The two outer stars in the bowl of the Big Dipper – Dubhe and Merak – always point to Polaris, the North Star. To find this Dipper at this time of year, look toward the northwest in the evening.
And once you’ve found it – after locating Polaris – look more carefully at the second star from the end of the Big Dipper’s handle. If your sky is dark enough, and your eyesight is good, you’ll see that this star, Mizar, has a nearby companion, called Alcor. But you probably won’t see Alcor tonight, because the bright waning gibbous moon will rise at early evening. Alcor should be visible through binoculars, however. In a few more days, the moon won’t be in the early evening sky, enabling you to see this faint star, and also the fainter stars of the Little Dipper with the unaided eye – that is, if you have a dark sky.
Arabian stargazers referred to Mizar and Alcor as the “horse and rider.” These stars are a good test of the night’s viewing conditions: if you can’t see Alcor, there might be thin clouds up there.
These two stars are what’s called “naked-eye double star,” appearing double from our earthly vantage point.

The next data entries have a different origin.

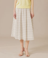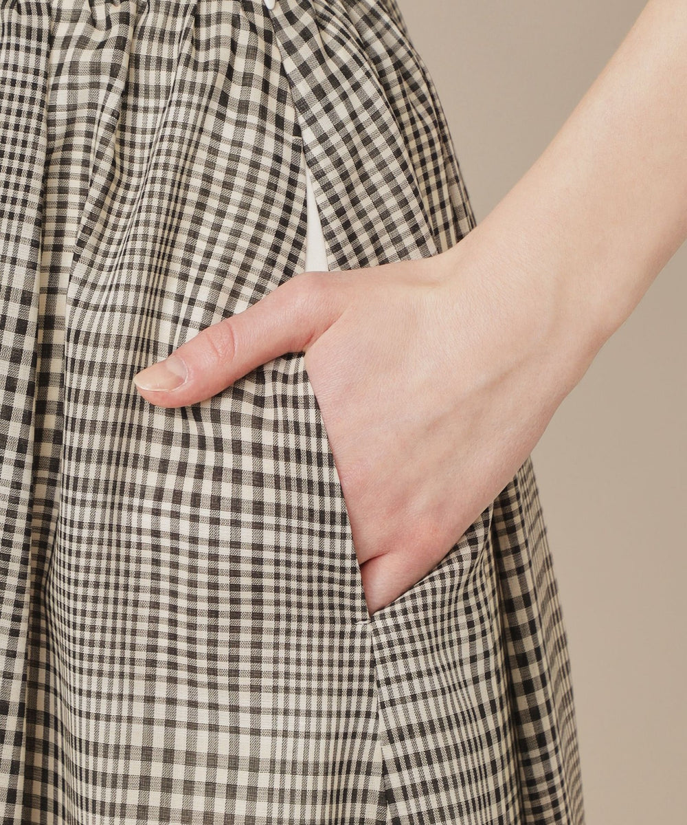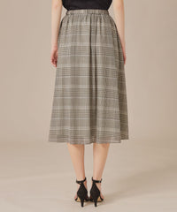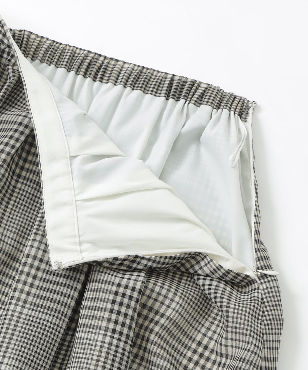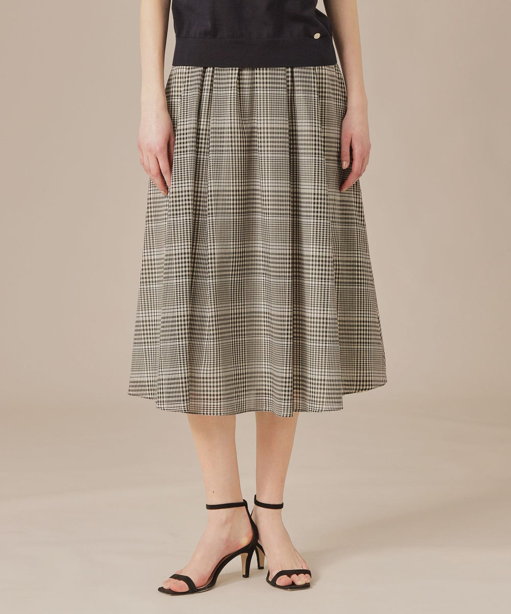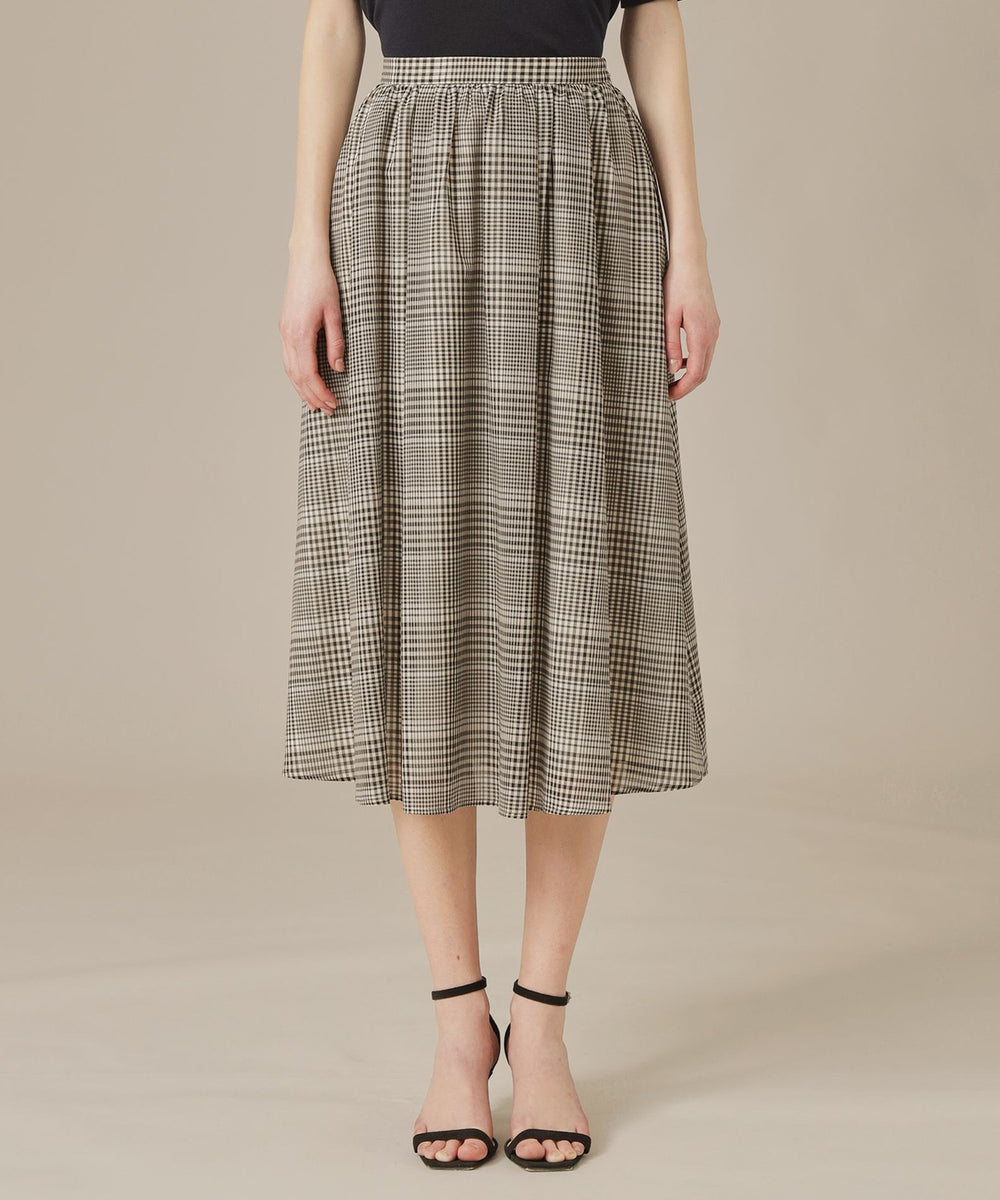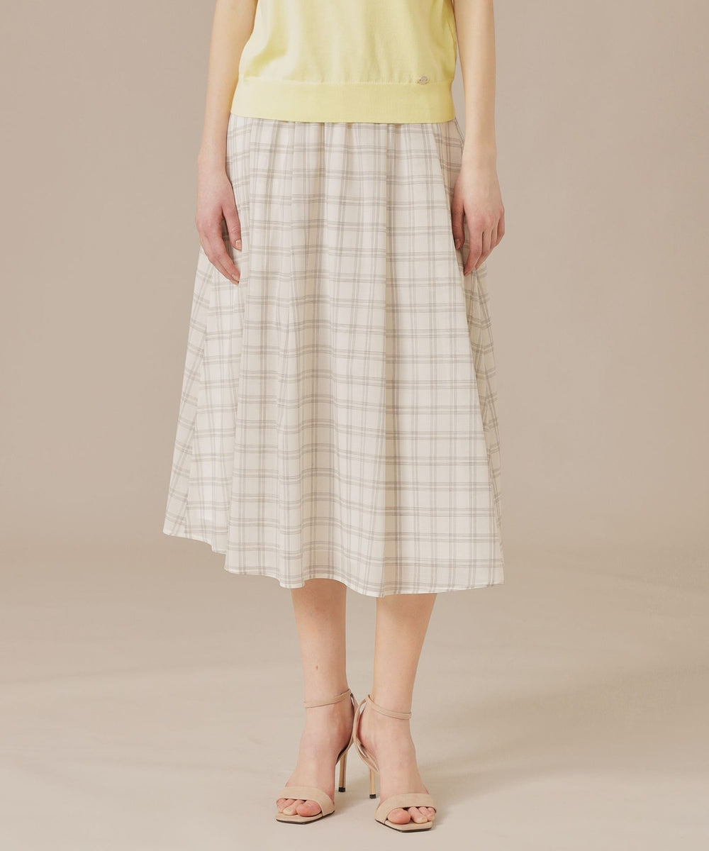腰回りのスッキリとしたタックギャザーのスカートです。裾に向けて優雅に広がるシルエットが軽やかなムードで、ウエスト後ろはゴム仕様で履き心地の良いアイテムです。裏地付きです。同素材のブラウス(品番G7M25539)もご用意しております。
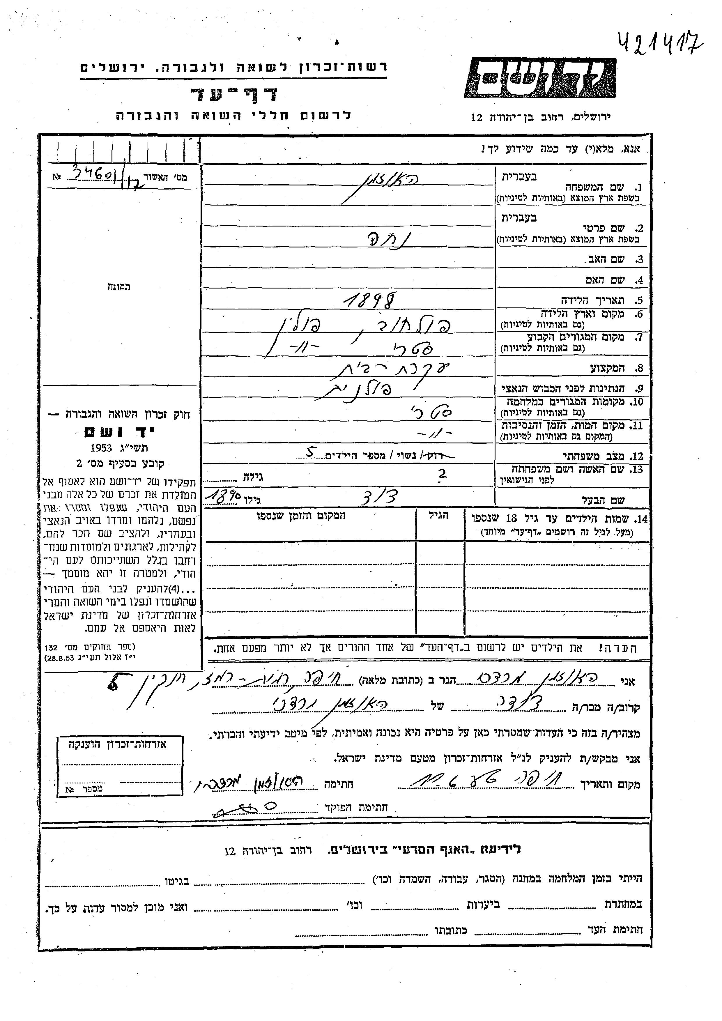 Yad Vashem - Pages of Testimony Names Memorial Collection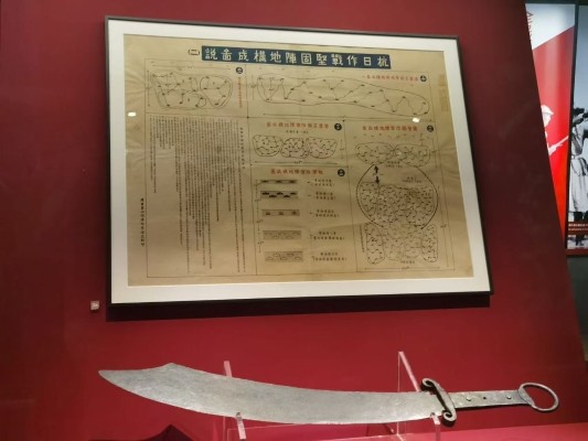 展覽現場亦有台兒莊戰役國民革命軍第三十一師曾用過的大刀。這柄上過戰場的大刀,刀身及手柄皆有斑駁痕跡,單刃厚背,刀尖傾斜,既可劈砍,亦能突刺。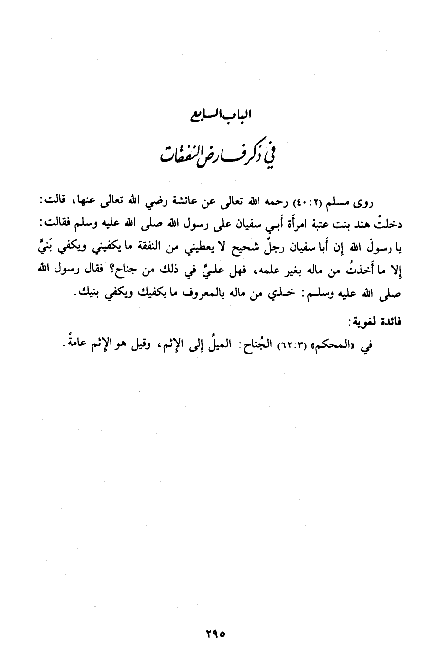 يا رسول الله إن أبا سفيان رجل شحيح لا يعطيني من النفقة ما يكفيني ويكفي بنيّ إلا ما أخذت من ماله بغير علمه، فهل عليّ في ذلك من جناح؟ فقال رسول الله صلى الله عليه وسلم: خذي من ماله بالمعروف ما يكفيك ويكفي بنيك.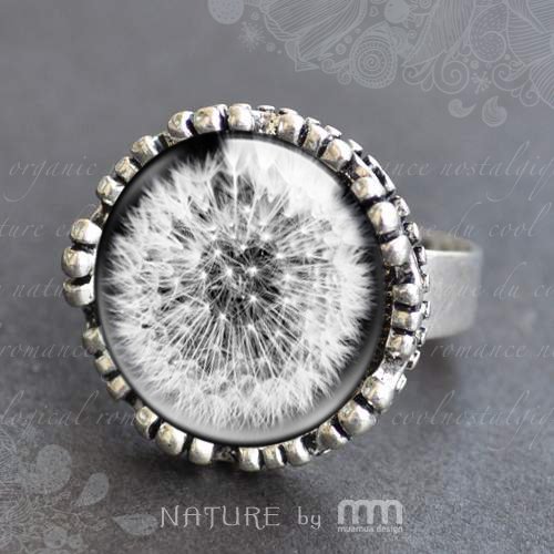 Pierścionek Dmuchawiec to bardzo kobiece i malutkie dzieło sztuki, które łączy nowoczesność z odrobiną antycznego powiewu. Obrazek pod szkiełkiem to autorska fotografia. Pierścionek jest regulowany, można dopasować do palca.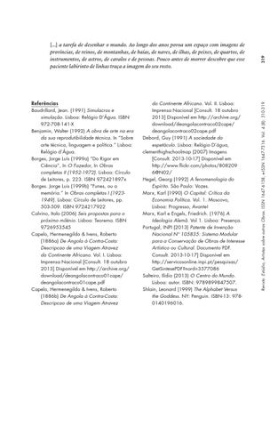 Referências Baudrillard, Jean. (1991) Simulacros e simulação. Lisboa: Relógio D’Água. ISBN 972-708-141-X Benjamin, Walter (1992) A obra de arte na era da sua reprodutibilidade técnica. In “Sobre arte técnica, linguagem e política.” Lisboa: Relógio d’Água. Borges, Jorge Luís (1999a) “Do Rigor em Ciência”, In O Fazedor, In Obras completas II (1952-1972). Lisboa: Círculo de Leitores, p. 223. ISBN 972421897x Borges. Jorge Luis (1999b) “Funes, ou a memória.” In Obras completas I (19231949). Lisboa: Círculo de Leitores, pp. 503-509. ISBN 9724217922 Calvino, Italo (2006) Seis propostas para o próximo milénio. Lisboa: Teorema. ISBN 9726953545 Capelo, Hermenegildo & Ivens, Roberto (1886a) De Angola á Contra-Costa: Descripcao de uma Viagem Atravez do Continente Africano. Vol. I. Lisboa: Imprensa Nacional [Consult. 18 outubro 2013] Disponível em http://archive.org/ download/deangolacontraco01cape/ deangolacontraco01cape.pdf Capelo, Hermenegildo & Ivens, Roberto (1886b) De Angola á Contra-Costa: Descripcao de uma Viagem Atravez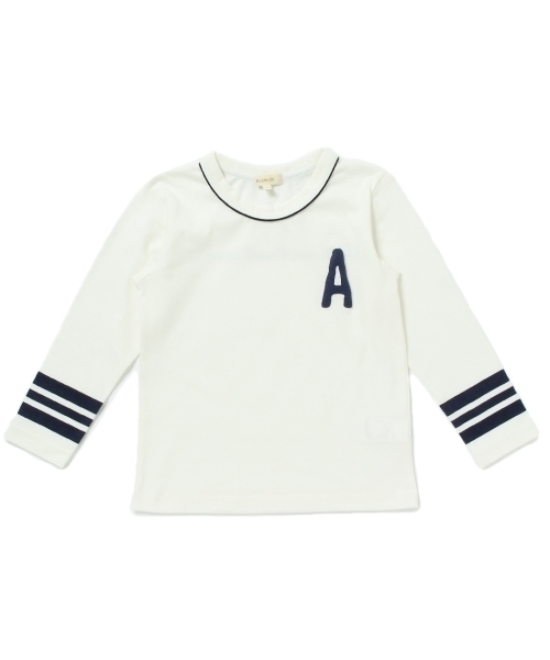 > 新品 HusHusH イニシャル入りプレッピー長袖Tシャツ オフホワイト 14(140cm) 定価1430円

But do they orbit each other? Astronomers aren’t sure. The distances to these stars (as to most stars) aren’t precisely known. If Mizar and Alcor make up a true binary star, it’s a very wide one. If they do lie at the same distance from Earth, their separation is 0.27 light-years … that’s in contrast to eight light-minutes for Earth’s distance from our sun … or several light-hours for the distance to our sun of the most distant worlds in our solar system. Still, it’s possible that Mizar and Alcor could be this far apart and still be orbiting one another, with a very long orbital period of three-quarters of a million years.